2010-05-03 Thread Andrew MacIntyre
 From: Glynn Clements
 [mailto:gl...@gclements.plus.com]
 Sent: Saturday, 24 April 2010 2:34 AM
 To: Andrew MacIntyre
 Cc: GRASS user list
 Subject: RE: [GRASS-user] Question with Python-SWIG example
 [SEC=UNCLASSIFIED]
 
 
 Andrew MacIntyre wrote:
 
   That's what I suspect, namely that the typemap for pointers is
getting
   in the way.
  
   Removing the typemap would mean that you couldn't pass a Python
   string, array, buffer, sequence, etc directly to a GRASS function,
but
   would have to explicitly allocate and populate a block of memory.
 
  I don't think you need to get rid of the typemap - I suspect you
might
  have to expand it to distinguish between the different types of
pointers
  though (see below)...
 
 Yes, but I know how to get rid of it; I don't know how to expand it.
 
In the SWIG wrapper?  I see a note about SWIG_ConvertPtr() in
http://www.swig.org/Doc1.3/Python.html#Python_nn64 ?
  
   That might help, although I still don't know how to test whether a
   given PyObject * is a SWIG-wrapped pointer.
 
  I get the impression from the above linked documentation that, for
  example, there should be an explicit typemap reference for CELL
pointers
  (as returned by Rast_allocate_c_buf()) and that the typemap for CELL
  pointers as an input argument should use SWIG_ConvertPtr(), which
will
  set an exception if the inbound object is not a suitable input (if
the
  exception flag is used; returning NULL will then propagate the
  exception).  As far as SWIGged pointers go, this seems to be the
closest
  you can get to Python's *Check* APIs.
 
 But does that convert arrays, buffers, etc?
 
 FWIW, the typemaps are in swig/include/python/my_typemaps.i.

I finally had the chance to look at this last night.

I think the issue is that pyobj_to_ptr() in my_typemaps.i is expecting
the SWIGged pointer as a Python CObject (though it does seem odd that a
pointer object, previously returned from a SWIGged call, being passed in
is at least accepted without a ValueError - which suggests that these
objects are at least look like CObjects to Python).

I would suggest that this isn't correct unless you can determine that
SWIG is definitely generating CObjects to contain returned pointers (I
couldn't find anything to suggest this).

In the case where SWIG is using its own objects to contain returned
pointers, then I expect pyobj_to_ptr() needs to be changed to use
SWIG_ConvertPtr() rather than PyCObject_AsVoidPtr() to retrieve the
actual pointer, or the output typemaps for returned pointers need to be
changed to use Python's CObjects rather than native SWIG wrapper
objects.

Several other approaches occur to me:
- use simple SWIG typemaps for the various pointer types and create
helper functions which translate from Python objects to GRASS data
structures and vice versa.  It might be possible to use ctypes objects
too, though that could be quite tricky as I couldn't find any direct API
support.

- go to the trouble of actually creating full Python object wrappers for
the various data structures and use them exclusively instead of using
thinly wrapped pointers (this has the potential advantage that memory
management becomes a lot more automatic for the user).

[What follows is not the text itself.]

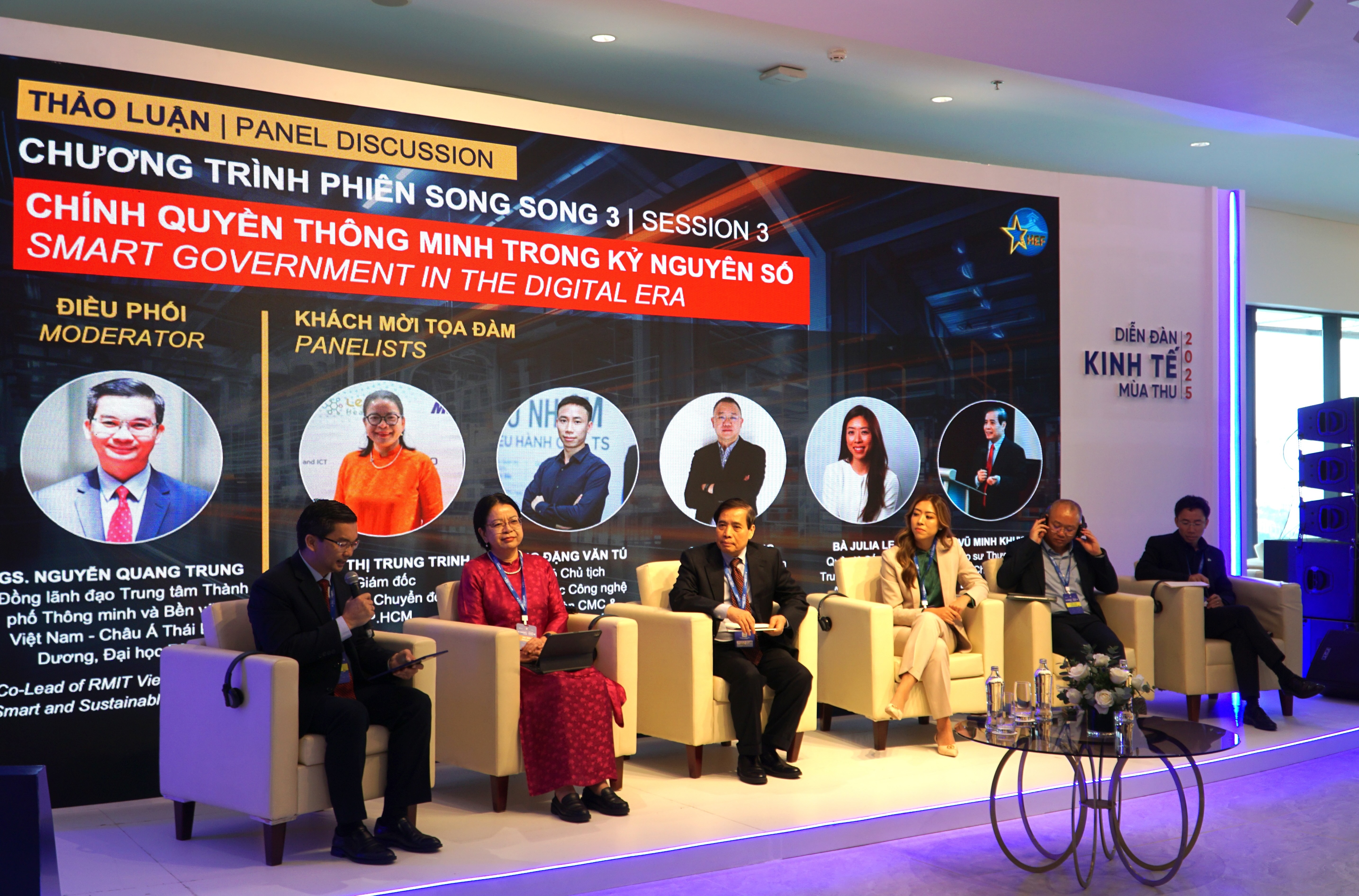 Tại Diễn đàn Kinh tế mùa Thu 2025, phiên tọa đàm Chính quyền thông minh trong kỷ nguyên số do GS. Nguyễn Quang Trung, đồng lãnh đạo Trung tâm Nghiên cứu thành phố thông minh và bền vững (Đại học RMIT Việt Nam) điều phối đã mang đến một bức tranh khá toàn diện, từ dữ liệu, thể chế, hợp tác công - tư, an ninh mạng đến câu chuyện trao quyền cho chính quyền cơ sở.

- ditch SWIG completely for Python and use ctypes exclusively.

The ctypes approach is the one I myself would take, but I acknowledge
there are downsides - the potential for sub-optimal performance in
certain cases and the cost of initially generating the wrapper
definitions being the most obvious.  I haven't tried the gccxml based
code generator that ctypes author Thomas Heller created, which might
make the job a lot easier if it works on the GRASS headers.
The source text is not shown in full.